Yeah, I was thinking about all the horror stories that can be found on this site.
As a customer (or maybe an "involontary data provider"), I do as much as I can to avoid Google to be my SPOF, not technically (it's really technically reliable) but on the business side. I had to setup my own mail server just to avoid any risk of google-ban for example... just in case.
I won't use Google authentificator for the same reason. I'm happy to have left Google Photos some years ago, to avoid problems of Google shutting it down. And the list could go on...
As a business, I like to program Android apps but the Google Store is really a risk too. Risk to have any Google account blacklisted because some algorithm thought I did something wrong. And no appeal.
Maybe all this doesn't apply to GCP customers. Maybe GCP customers have a human direct line, with someone to really help and the capacity to do it. Or maybe it's just Google: as long as it work, enjoy. If it doesn't, go to (algorithmic) hell.
Nope. I was at a company with a $1M dedicated spend contract w/ GCP and what that got us was support through a VAR. It then became the VAR’s job to file support tickets that took two weeks to get the response “oh well that’s now how we do it at Google. Have you read these docs you already said you read and can you send logs you already sent?” instead of my job to do that.

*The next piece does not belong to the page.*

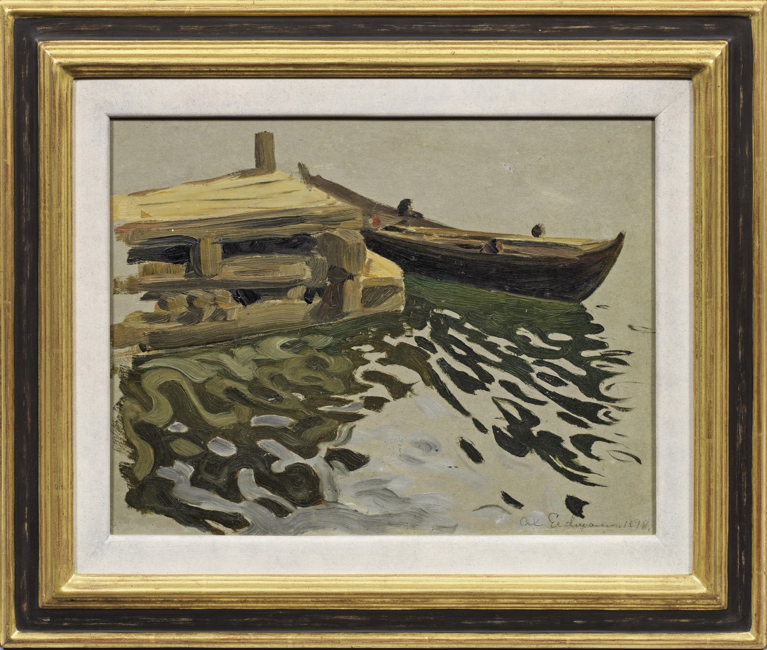 Impressionistische, ausschnitthafte Darstellung mit sich bewegt spiegelnden Wellen auf dem Wasser. Frühes Werk des schwedischen Malers, der bei Richard Bergh, Per Hasselberg, Anders Zorn und Carl Larsson studierte, später auch in Kopenhagen. Mit Werken ist Axel Erdmann u. a. im Nationalmuseum, im Göteborger Kunstmuseum und im Museum in Östersund vertreten. Öl/Papier, auf Hartfaser kaschiert. R. u. sowie verso sign. u. dat. 1898. 23 cm x 30 cm. Rahmen.

Enterprise-level projects often have only light protection against wrongful hosting account termination, reasoning that spending a lot of money and having an account manager keeps them safe from clumsy automated systems.
So they might have their primary and replica databases at different DCs from the same hosting provider, and only their nightly backup to a different provider. Four copies to four different providers is a step above three copies with two providers!
A large enterprise would probably be using a filesystem with periodic snapshots, or streaming their redo log to a backup, to protect against a fat-fingered DBA deleting the wrong thing. Of course, filesystem snapshots provide no protection against loss of DC or wrongful hosting account termination, so you might not count them as true backup copies.
This is why you should have a “Cloud 3-2-1” backup plan. Have 3 copies of your data, two with your primary provider, and 1 with another.
e.g., if you are an AWS customer, have your back ups in S3 and use simple replication to sync that to either GCS or Azure, where you can get the same level of compliance attestation as from AWS.
It's not paranoia if you're right. All of the risks GP is protecting against are things that happen to someone every day, and they should be seen like wearing the seat belt in a car.
I have a reliability and risk avoidance mindset, but I’ve had to stand back because my mental gas tank for trying to keep things going is near empty.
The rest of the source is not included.